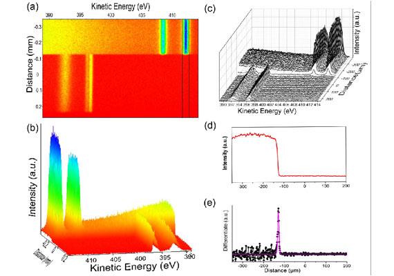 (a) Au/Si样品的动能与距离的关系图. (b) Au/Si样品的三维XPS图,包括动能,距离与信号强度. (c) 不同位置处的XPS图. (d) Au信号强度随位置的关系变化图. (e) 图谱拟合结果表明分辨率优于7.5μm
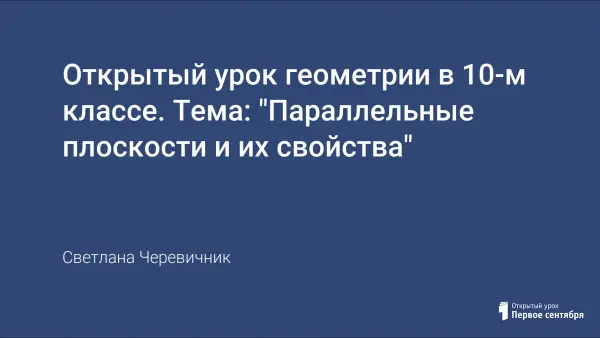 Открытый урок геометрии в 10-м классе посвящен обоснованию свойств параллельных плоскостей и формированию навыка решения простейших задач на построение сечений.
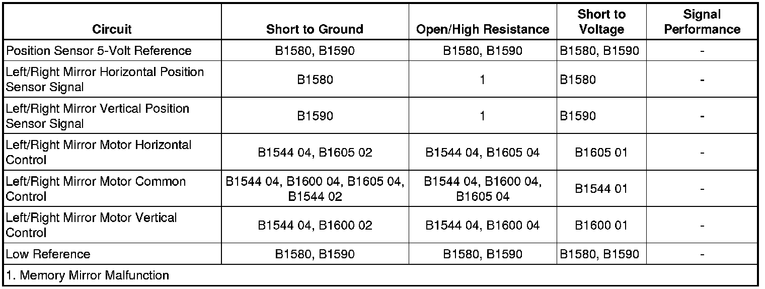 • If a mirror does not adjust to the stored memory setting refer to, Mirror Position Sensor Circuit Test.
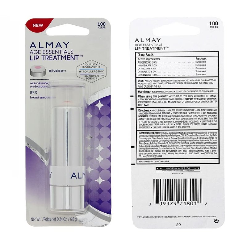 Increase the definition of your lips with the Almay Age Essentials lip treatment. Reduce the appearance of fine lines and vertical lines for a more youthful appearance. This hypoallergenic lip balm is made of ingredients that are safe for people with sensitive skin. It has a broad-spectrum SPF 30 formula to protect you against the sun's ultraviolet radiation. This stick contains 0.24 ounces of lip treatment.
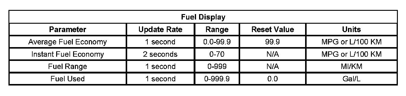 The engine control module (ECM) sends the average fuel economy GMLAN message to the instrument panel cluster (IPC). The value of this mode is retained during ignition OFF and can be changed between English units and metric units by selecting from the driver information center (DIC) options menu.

...

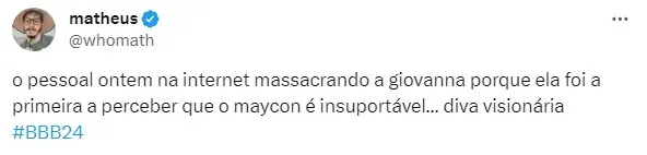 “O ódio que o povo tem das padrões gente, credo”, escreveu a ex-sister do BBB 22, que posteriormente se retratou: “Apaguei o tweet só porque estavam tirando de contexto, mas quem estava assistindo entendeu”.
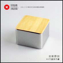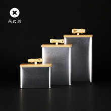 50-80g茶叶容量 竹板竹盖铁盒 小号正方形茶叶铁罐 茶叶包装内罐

---

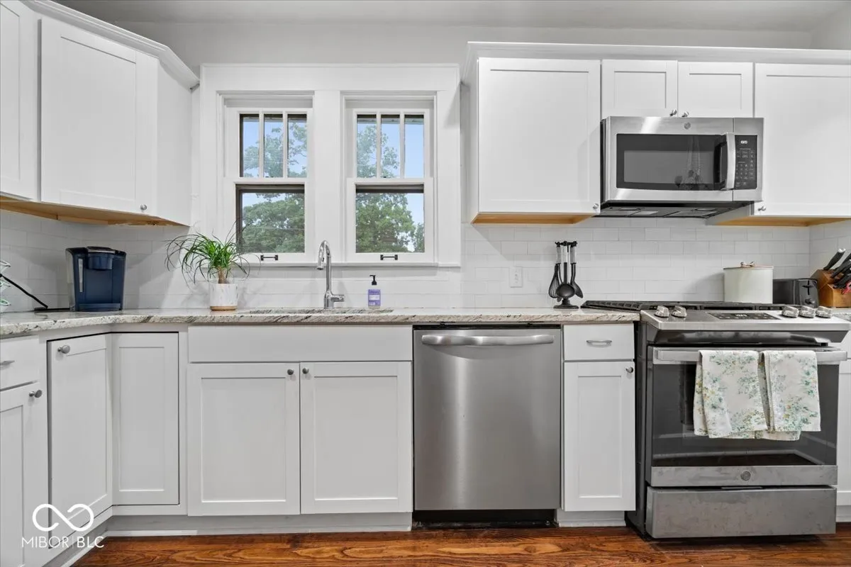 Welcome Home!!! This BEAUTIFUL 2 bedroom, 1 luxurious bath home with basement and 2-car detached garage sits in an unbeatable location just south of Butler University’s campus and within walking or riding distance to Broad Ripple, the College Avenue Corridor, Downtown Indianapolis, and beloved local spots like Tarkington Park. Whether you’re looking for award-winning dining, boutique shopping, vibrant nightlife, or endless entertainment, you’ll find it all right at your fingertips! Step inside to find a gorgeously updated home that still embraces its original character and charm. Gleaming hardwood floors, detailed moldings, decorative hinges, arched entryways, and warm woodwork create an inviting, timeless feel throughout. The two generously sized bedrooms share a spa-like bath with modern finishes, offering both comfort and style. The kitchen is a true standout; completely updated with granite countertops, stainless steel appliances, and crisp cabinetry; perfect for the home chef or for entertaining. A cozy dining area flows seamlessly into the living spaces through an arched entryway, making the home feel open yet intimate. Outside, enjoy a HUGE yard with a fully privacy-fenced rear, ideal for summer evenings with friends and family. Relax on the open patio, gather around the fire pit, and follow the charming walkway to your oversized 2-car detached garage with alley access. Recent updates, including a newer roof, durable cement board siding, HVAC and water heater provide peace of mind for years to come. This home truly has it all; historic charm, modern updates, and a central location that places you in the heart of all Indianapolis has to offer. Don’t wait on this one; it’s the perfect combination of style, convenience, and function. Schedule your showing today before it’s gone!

WHAT THIS TASK INVOLVES
Set down exactly the lines above, from the line containing "Sensor Circuit Test." through the line containing "The engine control". Skip the pictures.

OUTPUT OF THE EXERCISE
 • If a mirror does not adjust to the stored memory setting refer to, Mirror Position Sensor Circuit Test.
 Increase the definition of your lips with the Almay Age Essentials lip treatment. Reduce the appearance of fine lines and vertical lines for a more youthful appearance. This hypoallergenic lip balm is made of ingredients that are safe for people with sensitive skin. It has a broad-spectrum SPF 30 formula to protect you against the sun's ultraviolet radiation. This stick contains 0.24 ounces of lip treatment.
 The engine control module (ECM) sends the average fuel economy GMLAN message to the instrument panel cluster (IPC). The value of this mode is retained during ignition OFF and can be changed between English units and metric units by selecting from the driver information center (DIC) options menu.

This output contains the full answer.